Ein weiteres ungeschriebenes Gesetz ist: Möchte ich zu einem bestehenden System gehören, ist es meine Aufgabe, mich in dieses einzufügen, und nicht Aufgabe des Systems, sich meinem Wunschkonzept anzupassen.
Vor fünf Jahren bin ich aus einem chaotisch-lauten in einen sehr hübschen, gutbürgerlichen Berliner Kiez gezogen. Zu einer Zeit, in der Berlin schon unter Gentrifizierung ächzte, erhöhte ich allein durch meinen Zuzug (selbst wenn dieser „nur“ in die Wohnung meines Partners erfolgte) die ohnehin schon starke Nachfrage und damit die starke Gefahr der Verdrängung bisher dort Lebender, die sich verdoppelnde Mieten nicht mehr leisten können. Als „Neu-Nachbarin“ ist es mir daher besonders wichtig, diesen Menschen, die letztlich über lange Zeit ihren Teil dazu beigetragen haben, den Kiez für mich heute attraktiv zu machen, das Leben wenigstens nicht zu erschweren.

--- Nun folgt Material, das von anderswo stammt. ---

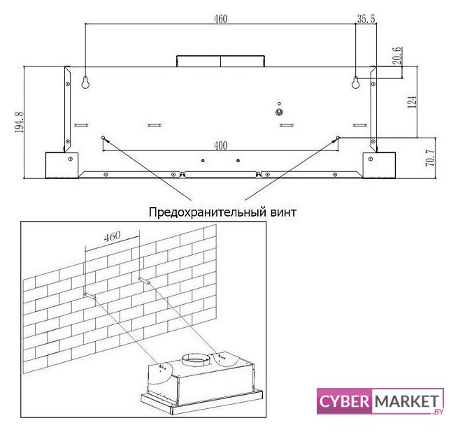 монтаж настенный, управление слайдерное, производительность мотора 320 м³/ч, ширина 50 см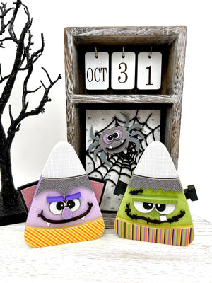 If you’re in the mood for some Halloween fun, then this is the perfect kit for you! The Candy Corn shaped wood pieces are designed to look like some of your favorite Halloween characters; Frankenstein and Dracula. Our DIY kit is perfect for your seasonal display, tiered tray, mantel, shelf or our new calendar cubby.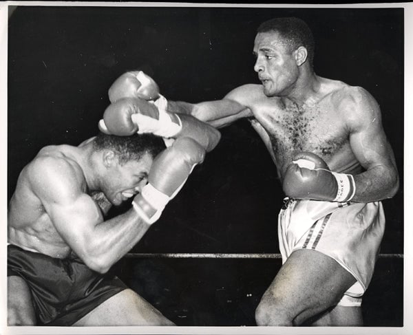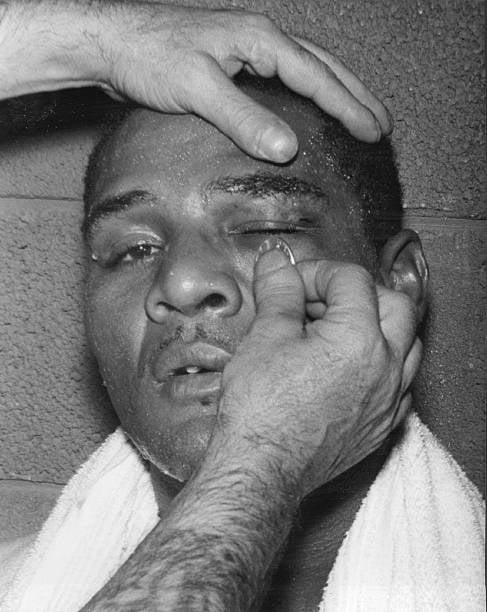 Trainer Petey Mack presses a half-dollar to the eye of Zora Folley to reduce swelling after a grueling 10-round battle with Doug Jones.

Der Gerechtigkeitssinn schlägt Alarm
Womit wir zu einer Beobachtung einer Art menschlichen Verhaltens kommen, die ich einfach nicht verstehen kann und bei der mein Gerechtigkeitssinn Alarm schlägt: das Hinzuziehen und das unter lautstarker Demonstration geäußerte Fordern nach Anpassung des Kiezes an die eigenen Bedürfnisse – als gäbe es schließlich kein Gewohnheitsrecht.

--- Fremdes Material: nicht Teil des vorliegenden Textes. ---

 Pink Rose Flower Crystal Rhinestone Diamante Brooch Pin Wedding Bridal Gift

Seien es die Klagen wegen Ruhestörung in einem Kiez, der durch seine Nachtkultur primär hip und bekannt geworden ist. Sei es die gebürtige Prenzlauer-Bergerin, die von Nachbarn ermahnt wird, warum sie denn hier wohnen würde, wenn sie keine Kinder möge. Sei es das eigene Kinderkriegen oder die Lautstärkeempfindlichkeit und die damit verbundene Forderung, die Autos sollen nun gefälligst aus den Straßen verschwinden, die sie seit Beginn ihrer Existenz benutzt haben. Und hier kommen die Kiezblocks ins Spiel: jene, von einer weitumspannenden, teils durch Steuern, teils durch ausländische Stiftungen bezahlten NGO im Rahmen einer „Verkehrswende“ (kurz: Fahrräder rein, Autos raus) initiierten und vorangetriebenen verpollerten Nachbarschaften.
Über 70 davon sollen, so deren Plan, allein in Berlin entstehen. Insbesondere der Mitte- und der Ostteil von Berlin sind auf der Planungskarte als nahezu nahtloser Super-Kiezblock zu erkennen. Das bewusste Abschaffen von Parkplätzen läuft parallel dazu. „So unangenehm wie möglich“ will man es den Autofahrern machen, so die eigene Aussage, damit diese endlich von dem Verkehrsmittel ihrer Wahl wegkommen.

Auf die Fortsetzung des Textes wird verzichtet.